Labor promises review as financial advisers say the controversial CSLR levy for the coming financial year will make it harder to provide advice and even force many out of business.

Financial advisers say the $77.9m CSLR levy for the coming financial year will make the cost of advice more expensive.
Financial advisers say the $77.9m CSLR levy for the coming financial year will make the cost of advice more expensive.

Financial advisers have slammed the increase in the Compensation Scheme of Last Resort (CSLR) levy to $77.9m as disproportionate and unfair, saying it will make it hard to attract new people to the industry and hinder the ability to provide affordable advice.

The Albanese government has directed the Treasury Department to undertake a comprehensive review of the CSLR, which it legislated in 2023 to ensure victims of financial misconduct have a sustainable avenue for redress.

CSLR has set an estimated $77.9m levy for the financial services industry in the 2026 financial year to process 1800 claims across the pre-CSLR levy landscape and facilitate the payment of compensation for 491 claims, a threefold increase in processing volume on this year.

It will exceed the $20m levy at sub-sector level that the Australian Securities and Investments Commission (ASIC) can impose, and any amount above this will require funding via a special levy determined by Financial Services Minister Stephen Jones.

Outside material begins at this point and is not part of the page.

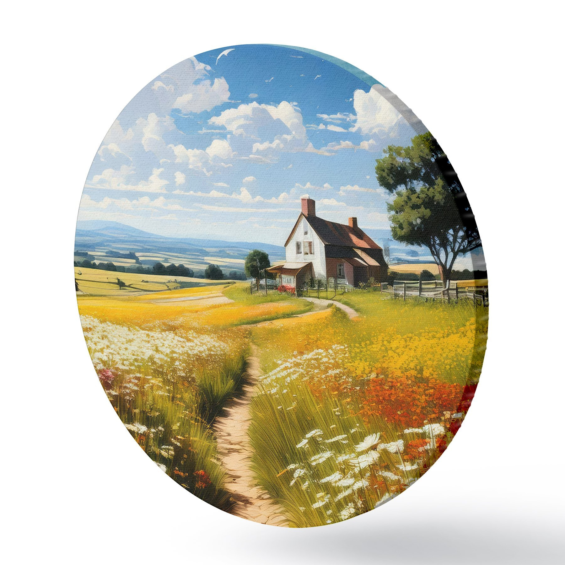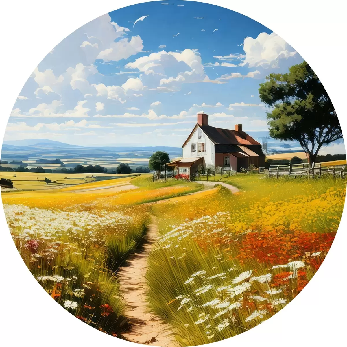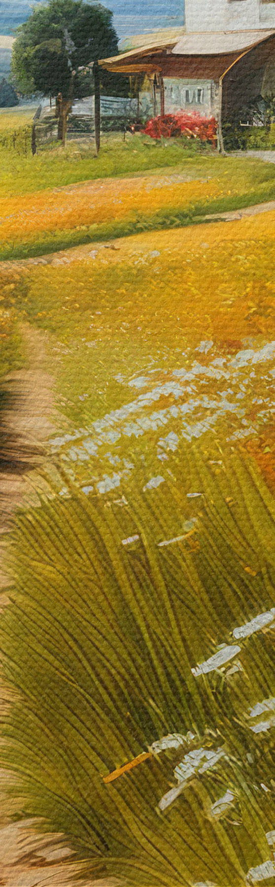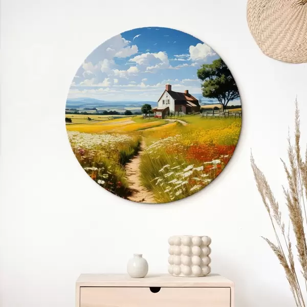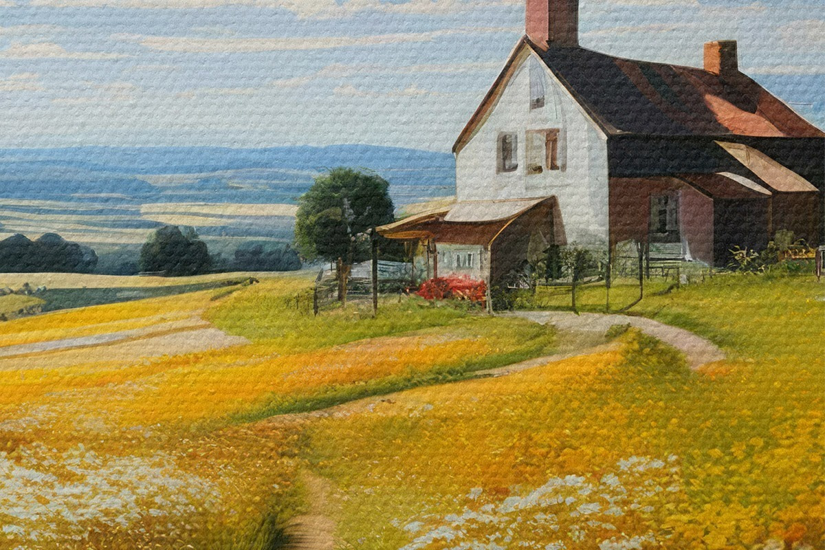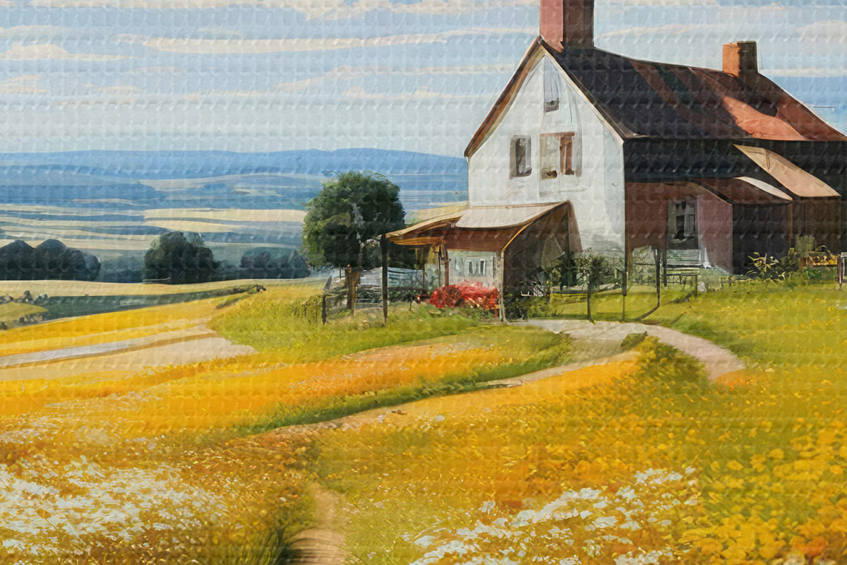 Pilt tee õitsval põllul ja majas Nr r41109

According to CPA Australia such a move could see the amount financial advisers pay rise from $1186 this fiscal year to $4516 – an increase of more than 250 per cent in just 12 months.

CPA Australia spokesman Richard Webb said the increase was not only disproportionate and unfair on a sector already under siege but it will create a further disincentive for people to join the already costly financial advice profession.

Financial Advice Association Australia CEO Sarah Abood says the levy jump could get higher in 2027.
Financial Advice Association Australia CEO Sarah Abood says the levy jump could get higher in 2027.

“The increased fees incurred by professionals will make the cost of receiving financial advice prohibitive for many ordinary Australians. The cost of providing financial advice is already considerable,” he said.

“At a time of increasing costs and regulatory burden, the rise in the CSLR levy of more than 250 per cent is disproportionate and wholly unfair, driven by the unjust premise that individual professionals in an industry must pay for the costs of failed operators. This is like saying that doctors must pay for the malpractice of their colleagues.”

The scheme, launched last year, allows victims of poor advice and financial misconduct who have been unable to access redress through other avenues due to insolvency, claim up to $150,000 in compensation.

Dixon Advisory was the fourth largest self-managed super fund provider in Australia before it filed for voluntary administration in 2022.
Dixon Advisory was the fourth largest self-managed super fund provider in Australia before it filed for voluntary administration in 2022.

A decision around how to fund the increase in CSLR payments cannot be implemented until July 1. While it was foreshadowed in October that the levy would exceed the cap, CSLR chief executive David Berry has blamed the $57m overrun on the result of a larger volume of claims attributed to Dixon Advisory and United Global Capital.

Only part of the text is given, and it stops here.